When I began my mentoring relationship in undergrad, I was willing and excited to dive in, but also going through a dark period in my life. The start of my junior year led me to confront a lot of my unmet expectations about community. I thought when I left for college that I would easily make the best girlfriends for life and constantly be basking in the sun of friendship. Yet, I found myself mourning the absence of my best friends hundreds of miles away.

Even though my college setting was pretty idyllic—sunny and 75 year round—my year felt cloudy and dark. To make matters worse, my hometown best friend was making new friends and moving forward with her life in college, while I felt left behind and completely unwanted.

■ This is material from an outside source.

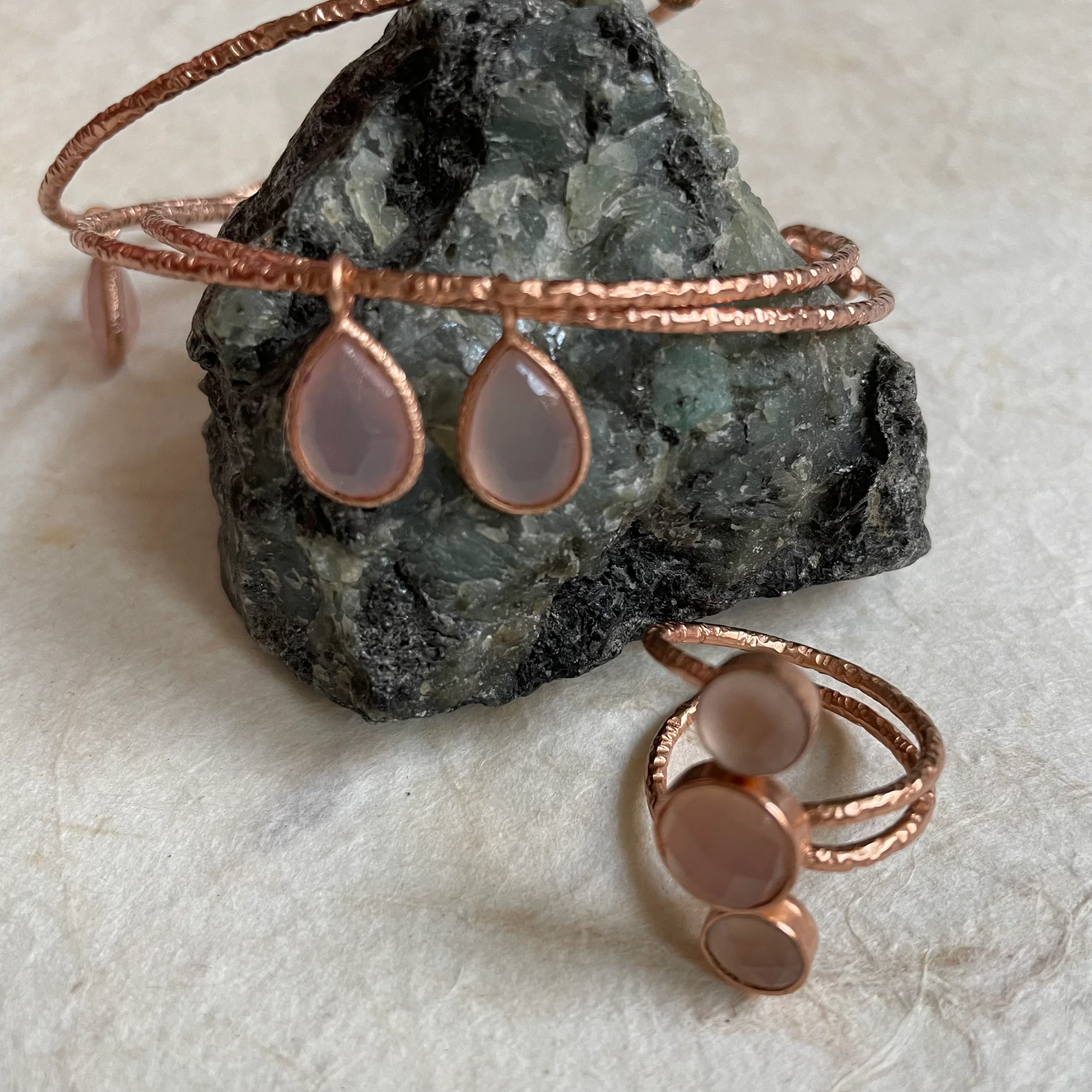 Bring a piece of nature to your hand. This clover - shaped ring, with its delicate green stone, is like a quiet whisper of the outdoors. Let nature’s beauty adorn your style.

So, this new mentorship seemed like a great fit at the time. Yet, the moment that I walked into our chapel to meet with her, something snapped. Fear set in and I turned on “Perfect Bailey.” I wanted her to think I was amazing. I wanted her to think I was spiritually mature, popular, and a high-achiever. High achievers don’t have problems, right? We are too busy achieving to have identity crises.

My lack of vulnerability with my mentor limited how much we could connect. We had great discussions, like you would with any casual acquaintance, but I was hiding some real ugly going on in my heart. I would enter and leave in tears but made sure a smile was plastered on my face for our one-hour weekly meeting.

When I finally confessed to my mentor what had been going on in my life, she was shocked and a little hurt. I could see the look on her face. She felt like we were growing and learning together when really there was this other piece of me missing from the conversation. We had to work through the pain of broken trust in our mentorship that I had caused by not being wholly honest.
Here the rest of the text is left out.